Output only the lines below from the one holding "Preliminary methods have" down to the one holding "FIG. 3. Municipal", both end lines included and every picture dropped.

Records —
====================

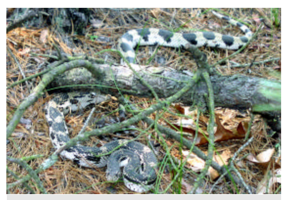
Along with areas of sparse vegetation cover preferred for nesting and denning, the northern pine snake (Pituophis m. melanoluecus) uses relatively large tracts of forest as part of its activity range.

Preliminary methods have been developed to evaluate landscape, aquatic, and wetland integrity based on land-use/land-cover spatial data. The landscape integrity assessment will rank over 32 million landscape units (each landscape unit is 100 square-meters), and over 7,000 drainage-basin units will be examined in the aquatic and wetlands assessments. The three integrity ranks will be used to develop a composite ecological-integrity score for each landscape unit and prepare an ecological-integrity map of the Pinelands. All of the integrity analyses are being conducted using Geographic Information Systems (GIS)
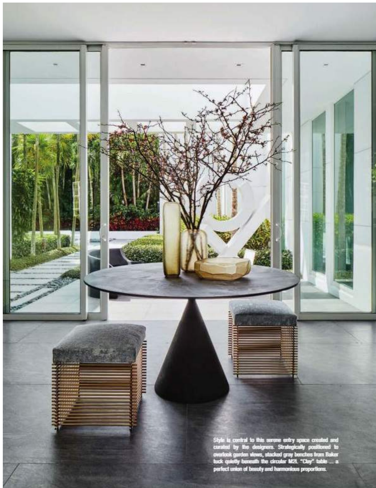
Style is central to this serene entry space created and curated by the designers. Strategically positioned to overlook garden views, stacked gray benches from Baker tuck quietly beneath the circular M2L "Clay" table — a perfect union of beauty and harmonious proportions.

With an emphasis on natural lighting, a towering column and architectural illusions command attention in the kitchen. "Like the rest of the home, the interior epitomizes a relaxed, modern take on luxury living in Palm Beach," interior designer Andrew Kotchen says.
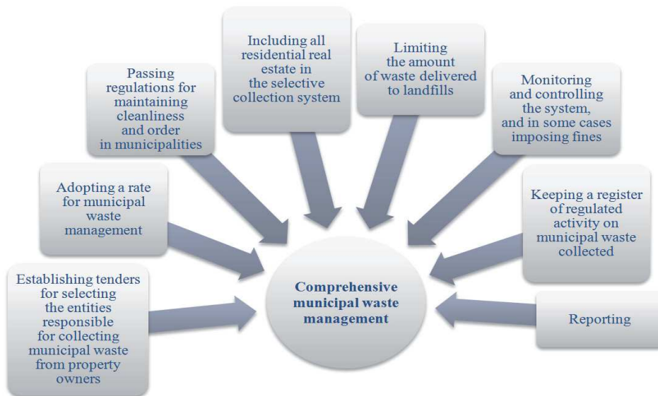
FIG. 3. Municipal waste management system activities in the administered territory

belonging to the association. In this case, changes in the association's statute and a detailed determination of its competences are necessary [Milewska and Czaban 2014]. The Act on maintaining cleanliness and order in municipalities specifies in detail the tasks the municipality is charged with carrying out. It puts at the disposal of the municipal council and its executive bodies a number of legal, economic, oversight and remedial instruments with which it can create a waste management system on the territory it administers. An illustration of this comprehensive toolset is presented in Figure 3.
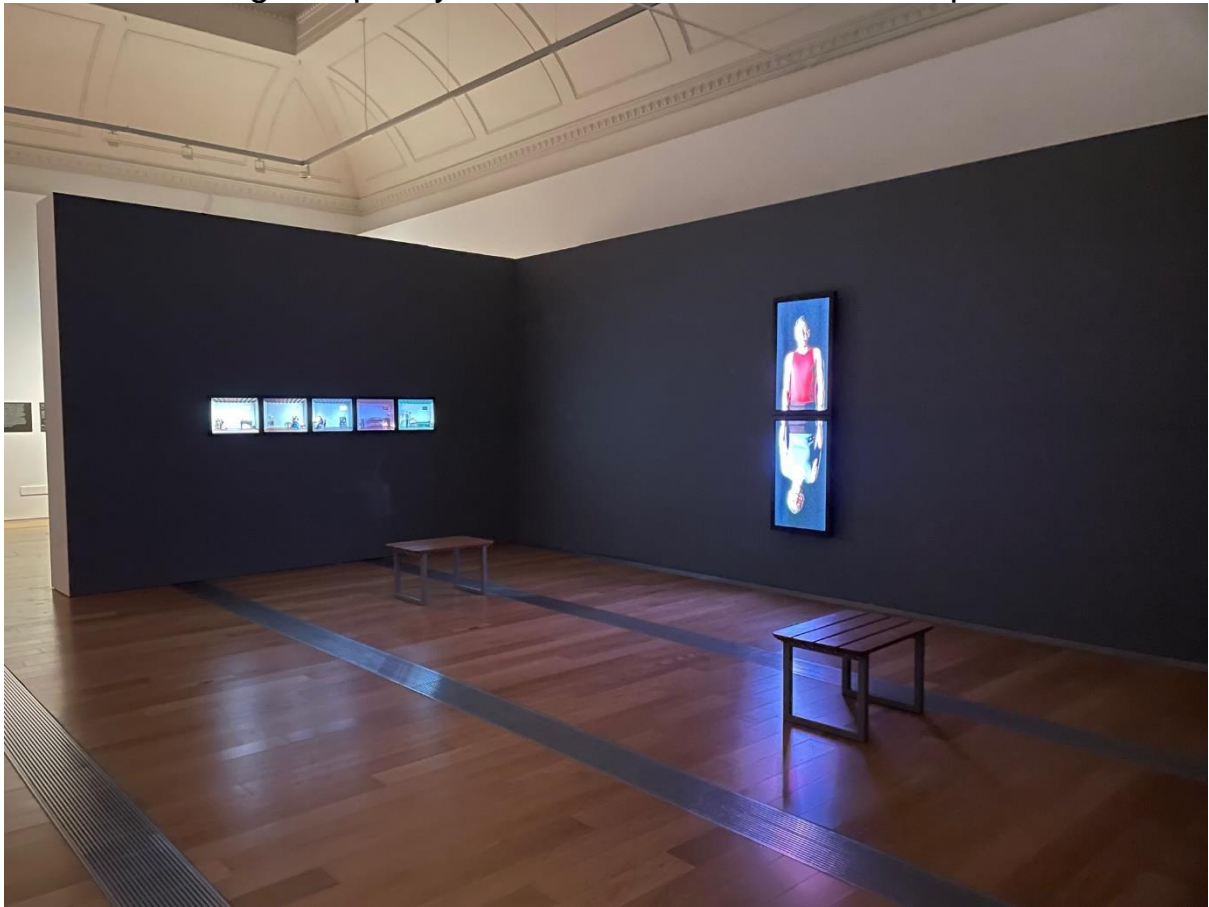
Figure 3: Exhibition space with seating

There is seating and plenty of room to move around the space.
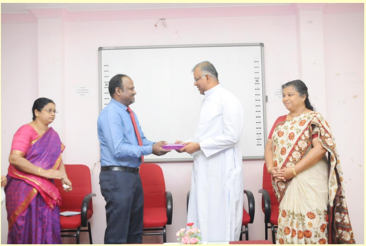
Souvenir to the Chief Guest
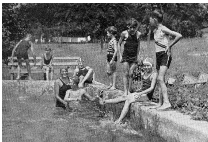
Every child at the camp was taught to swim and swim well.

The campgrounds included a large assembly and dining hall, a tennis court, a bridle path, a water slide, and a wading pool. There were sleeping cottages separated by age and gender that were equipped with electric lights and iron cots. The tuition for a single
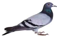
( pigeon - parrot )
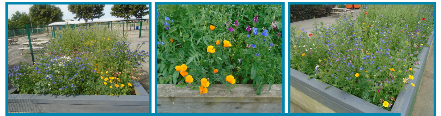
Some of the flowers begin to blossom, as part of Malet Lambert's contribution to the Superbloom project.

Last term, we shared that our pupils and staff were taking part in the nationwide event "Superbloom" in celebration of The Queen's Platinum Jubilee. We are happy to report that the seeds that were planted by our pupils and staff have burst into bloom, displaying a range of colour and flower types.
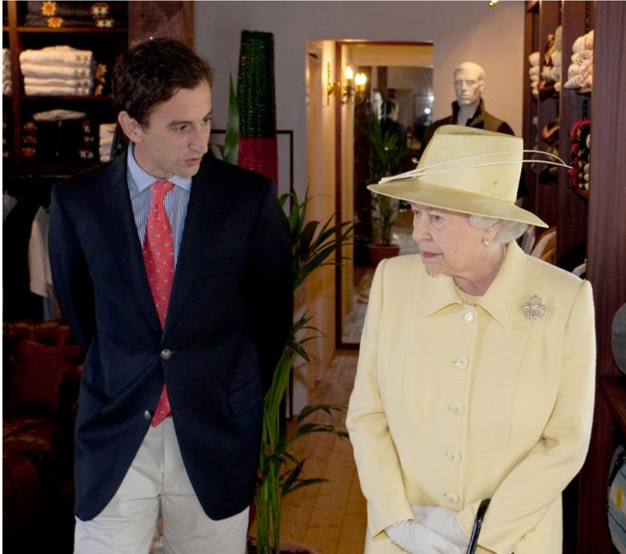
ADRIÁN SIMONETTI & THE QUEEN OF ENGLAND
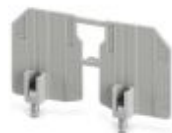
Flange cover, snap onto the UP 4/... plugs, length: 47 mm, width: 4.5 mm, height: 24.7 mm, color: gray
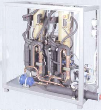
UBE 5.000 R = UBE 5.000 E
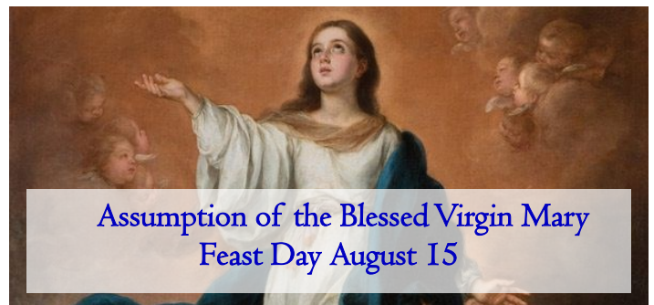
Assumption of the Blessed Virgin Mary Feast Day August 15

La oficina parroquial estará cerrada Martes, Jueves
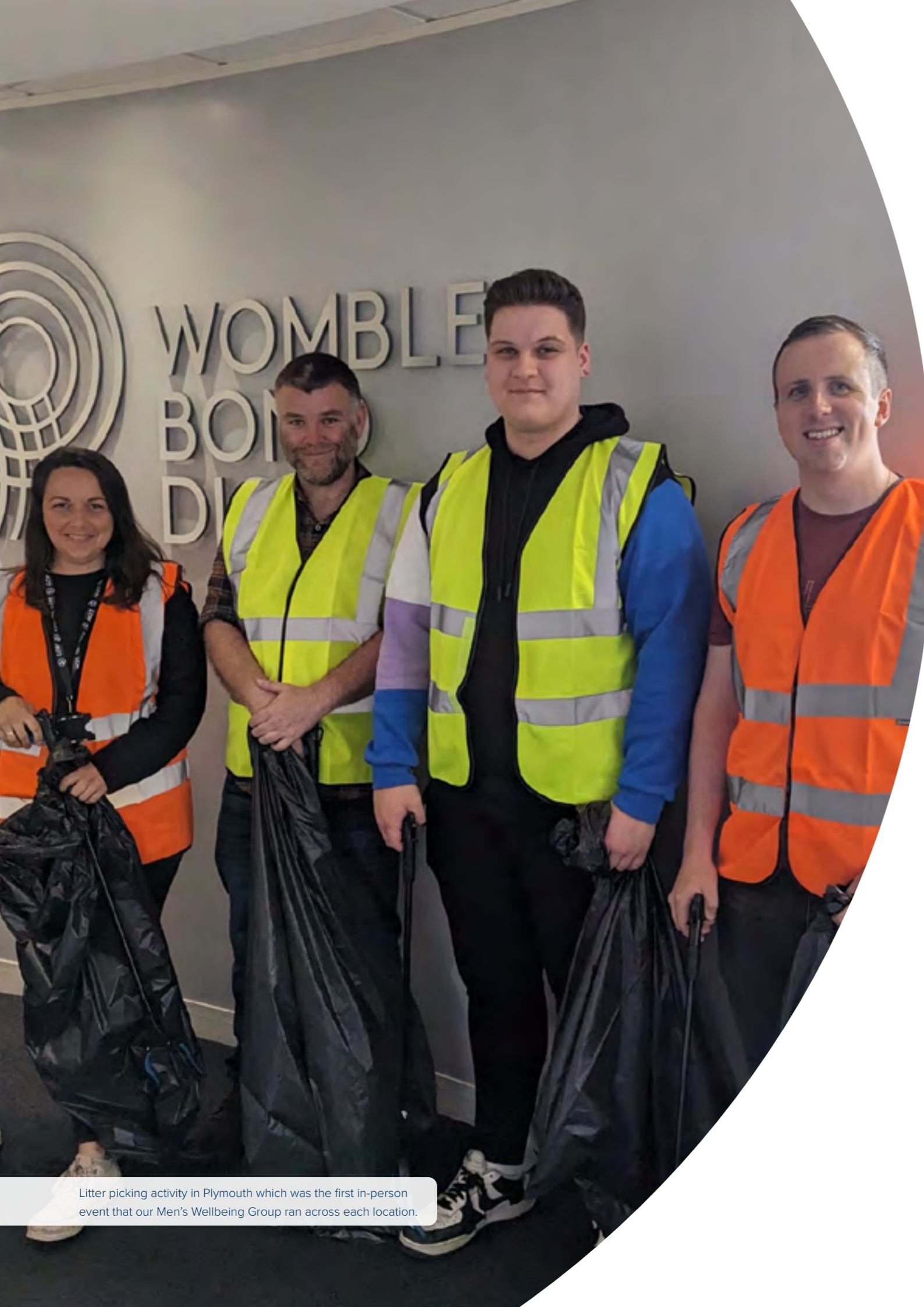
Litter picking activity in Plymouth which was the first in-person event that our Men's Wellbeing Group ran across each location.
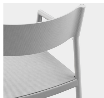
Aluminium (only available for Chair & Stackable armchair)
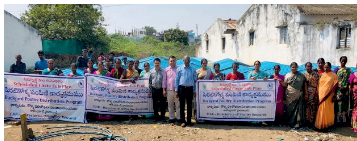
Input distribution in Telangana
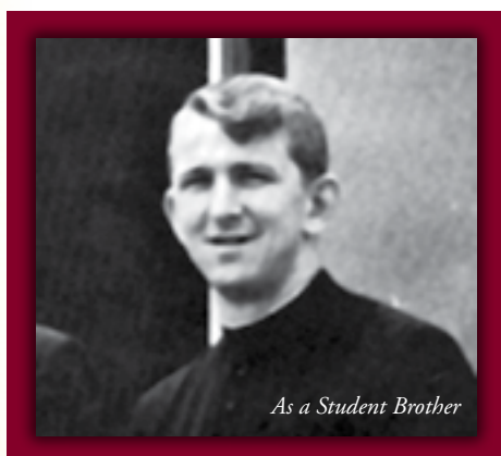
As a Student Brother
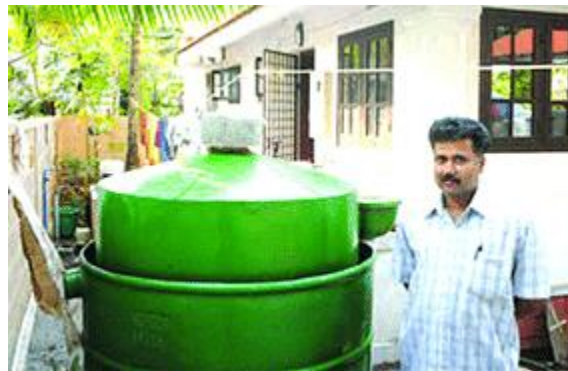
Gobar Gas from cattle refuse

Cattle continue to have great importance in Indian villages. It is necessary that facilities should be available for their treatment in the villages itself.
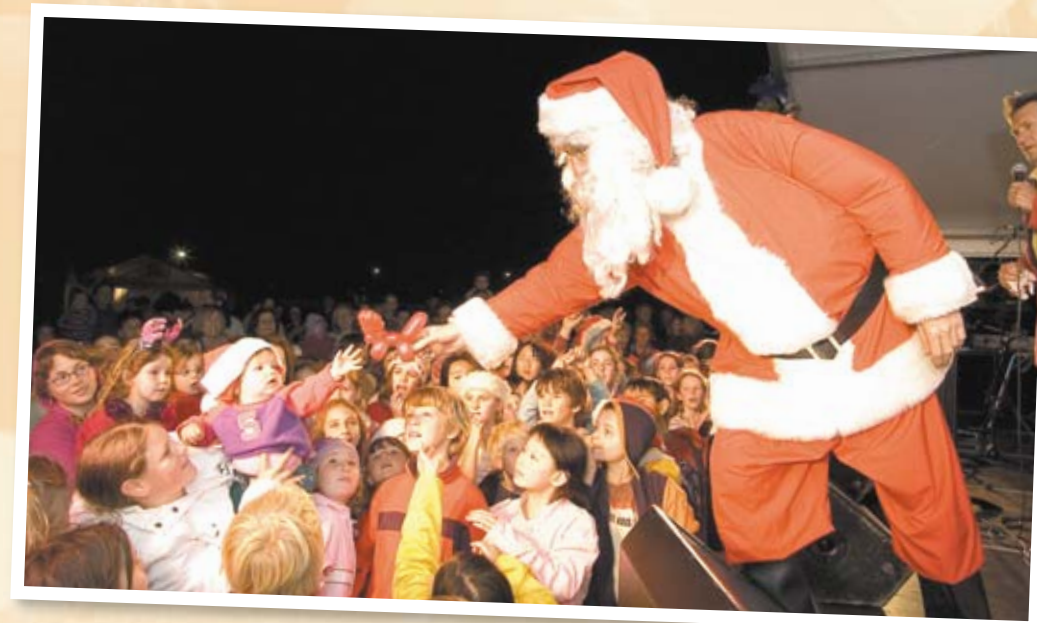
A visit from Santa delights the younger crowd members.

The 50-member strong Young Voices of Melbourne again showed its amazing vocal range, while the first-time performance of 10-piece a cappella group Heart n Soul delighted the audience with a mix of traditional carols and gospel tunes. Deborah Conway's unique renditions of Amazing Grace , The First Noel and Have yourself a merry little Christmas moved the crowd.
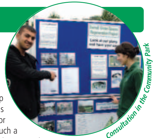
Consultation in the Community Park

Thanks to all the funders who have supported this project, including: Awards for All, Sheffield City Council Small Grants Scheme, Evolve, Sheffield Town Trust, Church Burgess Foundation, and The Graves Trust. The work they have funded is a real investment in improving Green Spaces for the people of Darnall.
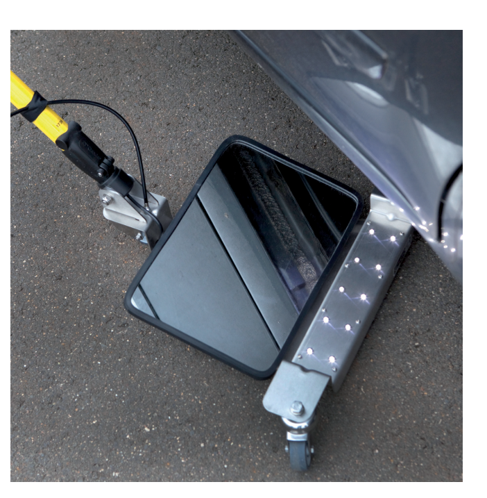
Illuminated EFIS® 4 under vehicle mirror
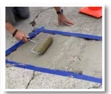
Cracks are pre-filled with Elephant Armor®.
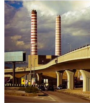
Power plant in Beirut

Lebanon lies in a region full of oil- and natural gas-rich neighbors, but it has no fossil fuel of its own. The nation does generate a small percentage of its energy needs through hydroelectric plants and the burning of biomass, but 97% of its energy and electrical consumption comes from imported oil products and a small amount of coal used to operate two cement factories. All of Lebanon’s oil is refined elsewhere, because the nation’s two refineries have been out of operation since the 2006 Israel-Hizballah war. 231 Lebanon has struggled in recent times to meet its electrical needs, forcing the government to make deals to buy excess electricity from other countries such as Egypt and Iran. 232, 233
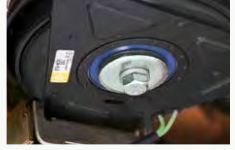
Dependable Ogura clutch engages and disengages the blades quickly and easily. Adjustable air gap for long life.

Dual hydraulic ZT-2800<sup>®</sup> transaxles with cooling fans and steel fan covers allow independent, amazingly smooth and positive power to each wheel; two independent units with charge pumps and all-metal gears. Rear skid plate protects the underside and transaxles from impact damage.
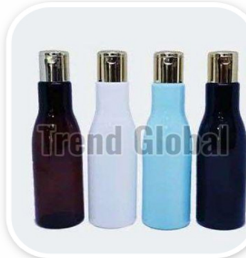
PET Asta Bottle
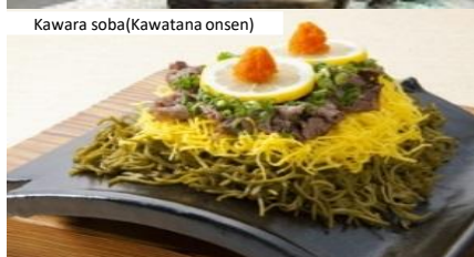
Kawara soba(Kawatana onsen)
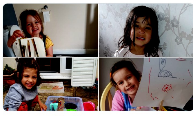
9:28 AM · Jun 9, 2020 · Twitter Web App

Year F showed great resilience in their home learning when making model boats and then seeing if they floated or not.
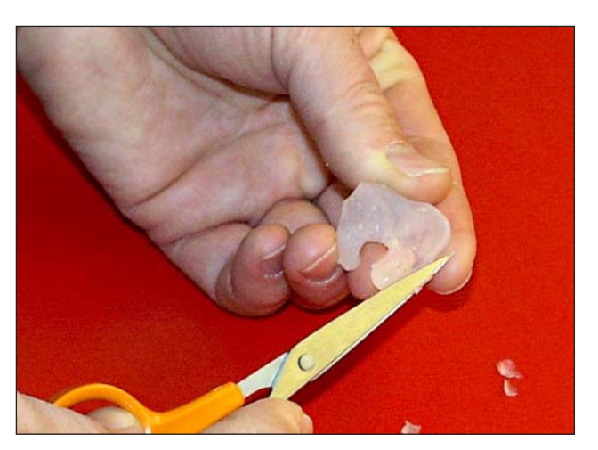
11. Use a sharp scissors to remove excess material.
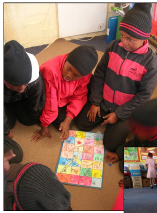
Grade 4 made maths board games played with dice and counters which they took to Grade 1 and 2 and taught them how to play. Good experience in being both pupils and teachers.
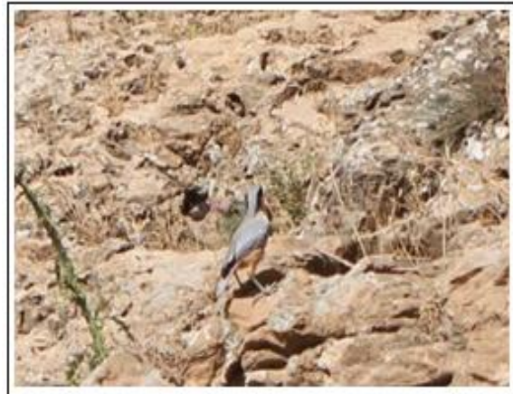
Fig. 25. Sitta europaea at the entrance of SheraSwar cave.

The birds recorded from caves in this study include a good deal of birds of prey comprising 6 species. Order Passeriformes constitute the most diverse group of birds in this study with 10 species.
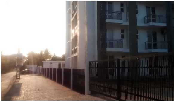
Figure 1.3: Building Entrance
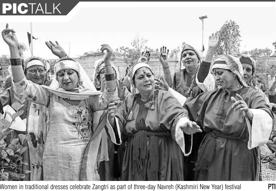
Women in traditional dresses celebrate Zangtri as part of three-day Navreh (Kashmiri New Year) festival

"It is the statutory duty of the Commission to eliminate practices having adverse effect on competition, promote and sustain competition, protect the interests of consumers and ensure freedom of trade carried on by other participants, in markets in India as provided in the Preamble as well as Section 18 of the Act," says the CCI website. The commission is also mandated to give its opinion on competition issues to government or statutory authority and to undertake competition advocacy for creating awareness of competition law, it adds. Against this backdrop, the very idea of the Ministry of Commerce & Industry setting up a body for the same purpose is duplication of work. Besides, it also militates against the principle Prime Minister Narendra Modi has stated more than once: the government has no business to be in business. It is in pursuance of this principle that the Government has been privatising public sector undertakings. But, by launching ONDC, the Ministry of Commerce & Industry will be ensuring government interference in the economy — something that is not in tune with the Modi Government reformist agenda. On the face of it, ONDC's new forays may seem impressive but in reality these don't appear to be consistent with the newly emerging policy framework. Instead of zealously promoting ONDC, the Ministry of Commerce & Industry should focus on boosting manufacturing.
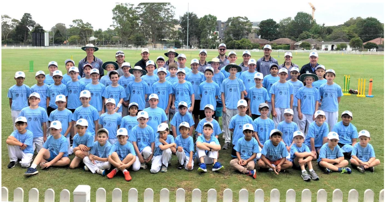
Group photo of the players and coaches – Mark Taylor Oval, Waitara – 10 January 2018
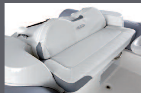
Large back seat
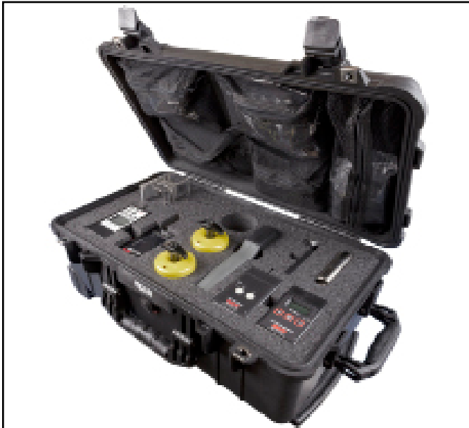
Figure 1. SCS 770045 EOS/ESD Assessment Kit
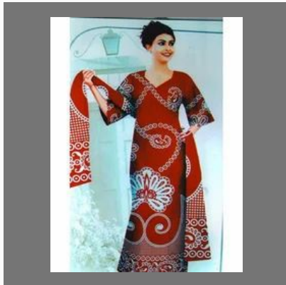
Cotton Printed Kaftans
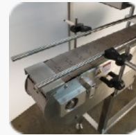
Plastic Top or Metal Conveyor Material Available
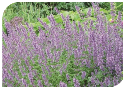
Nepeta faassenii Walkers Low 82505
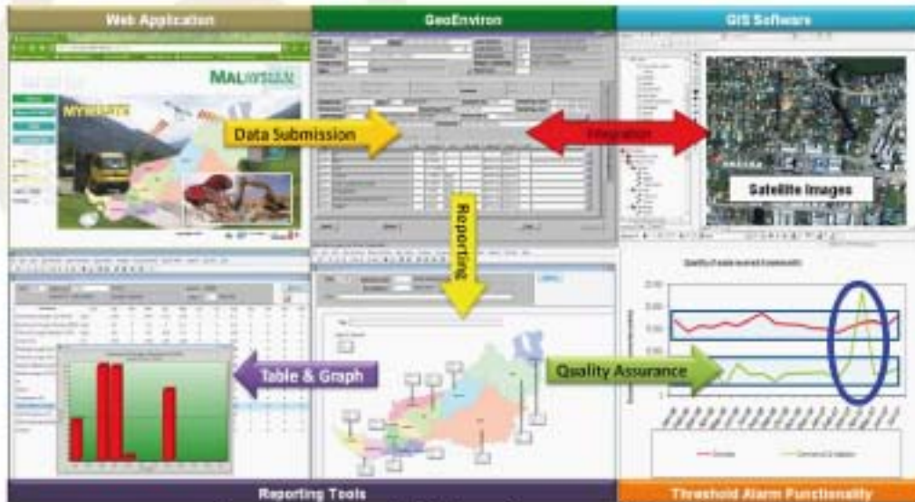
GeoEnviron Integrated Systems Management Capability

====================

Output below —
Preliminary methods have been developed to evaluate landscape, aquatic, and wetland integrity based on land-use/land-cover spatial data. The landscape integrity assessment will rank over 32 million landscape units (each landscape unit is 100 square-meters), and over 7,000 drainage-basin units will be examined in the aquatic and wetlands assessments. The three integrity ranks will be used to develop a composite ecological-integrity score for each landscape unit and prepare an ecological-integrity map of the Pinelands. All of the integrity analyses are being conducted using Geographic Information Systems (GIS)
Style is central to this serene entry space created and curated by the designers. Strategically positioned to overlook garden views, stacked gray benches from Baker tuck quietly beneath the circular M2L "Clay" table — a perfect union of beauty and harmonious proportions.

With an emphasis on natural lighting, a towering column and architectural illusions command attention in the kitchen. "Like the rest of the home, the interior epitomizes a relaxed, modern take on luxury living in Palm Beach," interior designer Andrew Kotchen says.
FIG. 3. Municipal waste management system activities in the administered territory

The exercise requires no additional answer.